Cameron Gregory

Personal information
- Full name: Cameron Akash James Gregory
- Date of birth: 20 January 2000 (age 26)
- Place of birth: Sutton Coldfield, England
- Height: 6 ft 4 in (1.92 m)
- Position: Goalkeeper

Team information
- Current team: Shrewsbury Town
- Number: 30

Youth career
- Birmingham City
- Wolverhampton Wanderers
- 0000–2018: Shrewsbury Town

Senior career*
- Years: Team / Apps / (Gls)
- 2018–2022: Shrewsbury Town / 0 / (0)
- 2018: → Chippenham Town (loan) / ? / (0)
- 2018: → Halesowen Town (loan) / 10 / (0)
- 2019: → Kidderminster Harriers (loan) / 13 / (0)
- 2020: → Nantwich Town (loan) / 2 / (0)
- 2020: → Hednesford Town (loan) / 0 / (0)
- 2022–2023: Kettering Town / 15 / (0)
- 2023–2025: Boston United / 82 / (0)
- 2025–2026: Brackley Town / 4 / (0)
- 2026_: Shrewsbury Town / 0 / (0)

= Cameron Gregory =

English footballer (born 2000)

Cameron Akash James Gregory (born 20 January 2000) is an English professional footballer who plays as a goalkeeper for EFL League Two club Shrewsbury Town.

==Early life==
Gregory was born in Sutton Coldfield in the West Midlands.

==Career==
Gregory had spells at Birmingham City and Wolverhampton Wanderers at youth level. He joined Shrewsbury Town at under-15 level. He was awarded a scholarship the same year.

On 29 August 2017, whilst still a scholar, Gregory was called up to the first-team squad. He was an unused substitute in a 3–2 away win at Coventry City in the EFL Trophy. He also made the bench in games against West Bromwich Albion U23s and Walsall, also both in the EFL Trophy. For the remainder of the 2017–18 season, he regularly trained with Danny Coyne and the rest of the first-team goalkeepers. In April 2018, Gregory, along with Ryan Sears and Christos Shelis, was offered a professional contract. In May 2018, he signed his first professional contract.

In September 2018, Gregory joined National League South side Chippenham Town on a month-long loan deal. However, just days into the loan, he was recalled due to a training injury to first-team keeper Steve Arnold. A month later in October, Gregory was loaned out once again, this time to Southern League Division One Central side Halesowen Town on a month-long loan.
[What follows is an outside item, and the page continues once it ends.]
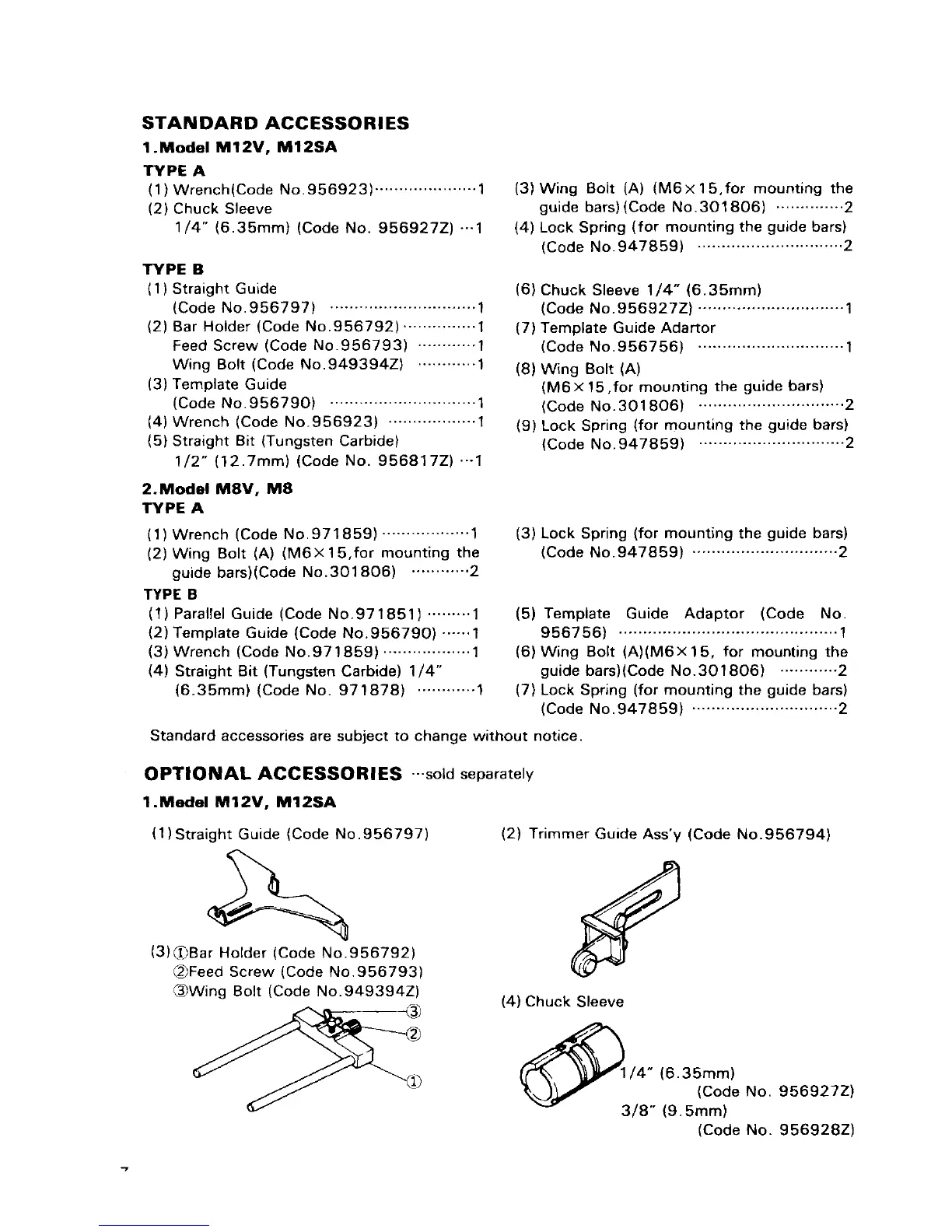 Hitachi M12SA - Accessory Information; Standard Accessories for Models; Optional Accessories for Models

On 31 July 2019, Gregory joined National League North side Kidderminster Harriers on loan until January 2020. However, on 7 November, he was recalled to Shrewsbury due to an injury to Max O'Leary.

On 6 March 2020, Gregory was loaned out once again, this time to Northern Premier League side Nantwich Town, joining The Dabbers on a month-long loan. Due to the COVID-19 pandemic, the loan was cut short due to the Northern Premier League season being ended early.

On 30 June 2020, he signed a new deal with his parent club which would keep him at the club until 2022, with the option of a further year.

On 9 October 2020, Gregory moved on loan once again, this time joining Hednesford Town on a month-long deal.

On 29 June 2022, Gregory joined National League North club Kettering Town following his release from Shrewsbury Town at the end of the 2021–22 season. In what turned out to be Gregory's last game for Kettering Town away at Bradford (Park Avenue) on 7 January 2023 he received a red card in injury time of the first half.

On 12 January 2023, Gregory signed for National League North side Boston United. He departed the club at the end of the 2024–25 season.

On 23 June 2025, Brackley Town announced the signing of Gregory ahead of their first ever season in the National League.